• **Exercise instructions**: With the pictures left out, write every entry down exactly.

---------- Information provided ----------

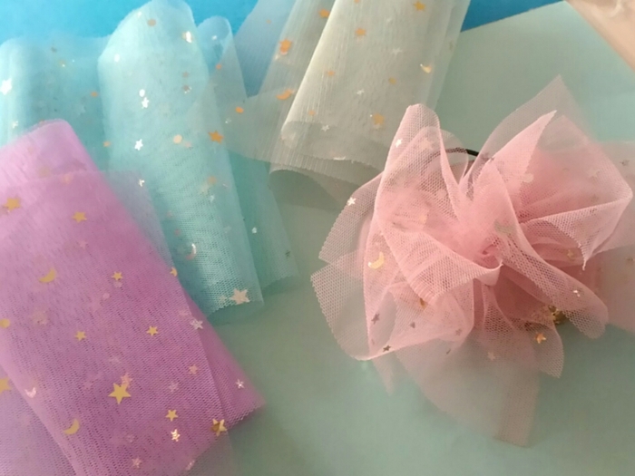 チュール生地はピンク・ライトブルー・ライトグリーン・パープルの4色の中からランダムで3枚届きます。別売りでホワイト・ブラックもあるので自分好みに作れるのもポイント♪
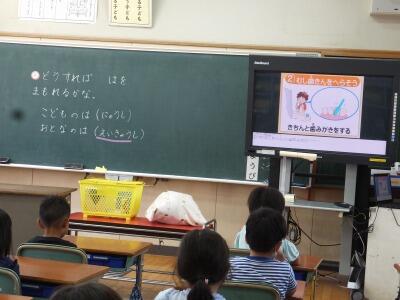 一年生の学級指導の時間に、歯磨きの学習をしました。
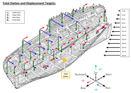 Comparisons across the four decks in Figure 5 show that the total displacement in the Z direction increased in each higher deck. The average displacement in the Z direction in the orlop deck was −40 ± 20 mm, in the main deck it was −90 ± 30 mm, in the upper deck it was −150 ± 30 mm and in the castle deck it was −190 ± 50 mm. The greatest total displacement of 260 mm occurred in the castle deck. This means that the 05.04 target, which is around halfway along the castle deck of the ship (c.f., Figure 2), has displaced more than any other target in the Z direction.
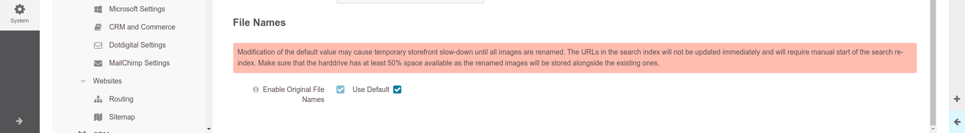 When this option is enabled, the Enable Original File Names setting for Product Images is hidden from the system configuration page.
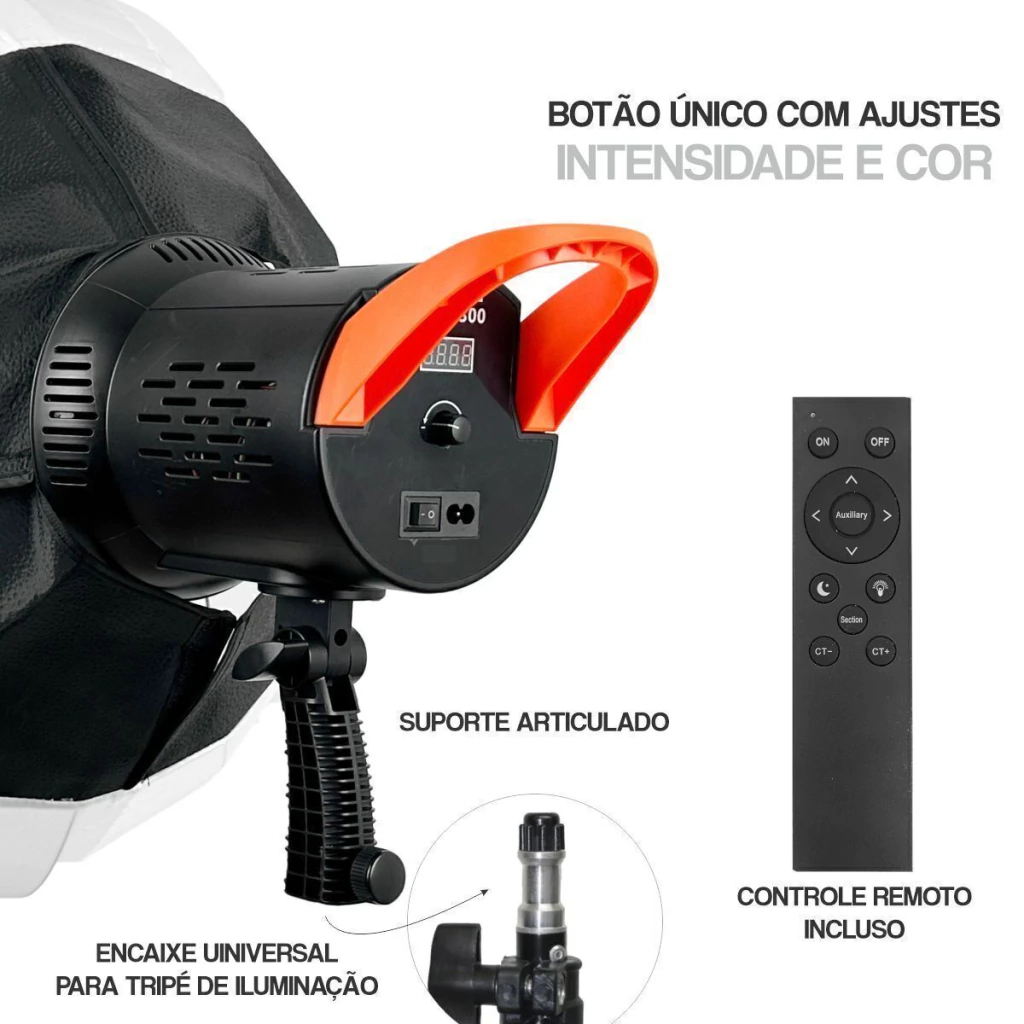 01 Softbox Lanterna Easy 65cm com led bicolor 80W;
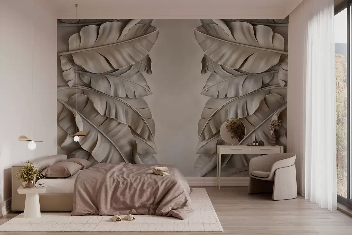 Carta da parati imitazione di un bassorilievo con foglie tropicali in tonalità beige nr. w03285
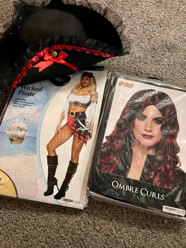 Howdy! I absolutely love getting dressed up for Halloween and revel in styling costumes as much as any OOTD. Johnny and I do matching costumes and this doubles the fun! This year we were workshopping an Alice Cooper and Cold Ethyl costume but decided against it as it would be one we would have to create on our own. Piecing together costumes can be pricey and we are really trying to save for a big vacation next year! We decided to keep it simple by being pirates and I REALLY like what we picked out. However, I do kind of wish that we kept with our original plan because our purchases at Spirit Halloween were CRAZY expensive. I genuinely think we could have done an ode to one of our favorite rockers for a similar price. That’s neither here nor there, though, because I know we are going to be the cutest pirates across the seven seas! Here is a sneak peek of my costume:

----------

• **Your response**:
 チュール生地はピンク・ライトブルー・ライトグリーン・パープルの4色の中からランダムで3枚届きます。別売りでホワイト・ブラックもあるので自分好みに作れるのもポイント♪
 一年生の学級指導の時間に、歯磨きの学習をしました。
 Comparisons across the four decks in Figure 5 show that the total displacement in the Z direction increased in each higher deck. The average displacement in the Z direction in the orlop deck was −40 ± 20 mm, in the main deck it was −90 ± 30 mm, in the upper deck it was −150 ± 30 mm and in the castle deck it was −190 ± 50 mm. The greatest total displacement of 260 mm occurred in the castle deck. This means that the 05.04 target, which is around halfway along the castle deck of the ship (c.f., Figure 2), has displaced more than any other target in the Z direction.
 When this option is enabled, the Enable Original File Names setting for Product Images is hidden from the system configuration page.
 01 Softbox Lanterna Easy 65cm com led bicolor 80W;
 Carta da parati imitazione di un bassorilievo con foglie tropicali in tonalità beige nr. w03285
 Howdy! I absolutely love getting dressed up for Halloween and revel in styling costumes as much as any OOTD. Johnny and I do matching costumes and this doubles the fun! This year we were workshopping an Alice Cooper and Cold Ethyl costume but decided against it as it would be one we would have to create on our own. Piecing together costumes can be pricey and we are really trying to save for a big vacation next year! We decided to keep it simple by being pirates and I REALLY like what we picked out. However, I do kind of wish that we kept with our original plan because our purchases at Spirit Halloween were CRAZY expensive. I genuinely think we could have done an ode to one of our favorite rockers for a similar price. That’s neither here nor there, though, because I know we are going to be the cutest pirates across the seven seas! Here is a sneak peek of my costume:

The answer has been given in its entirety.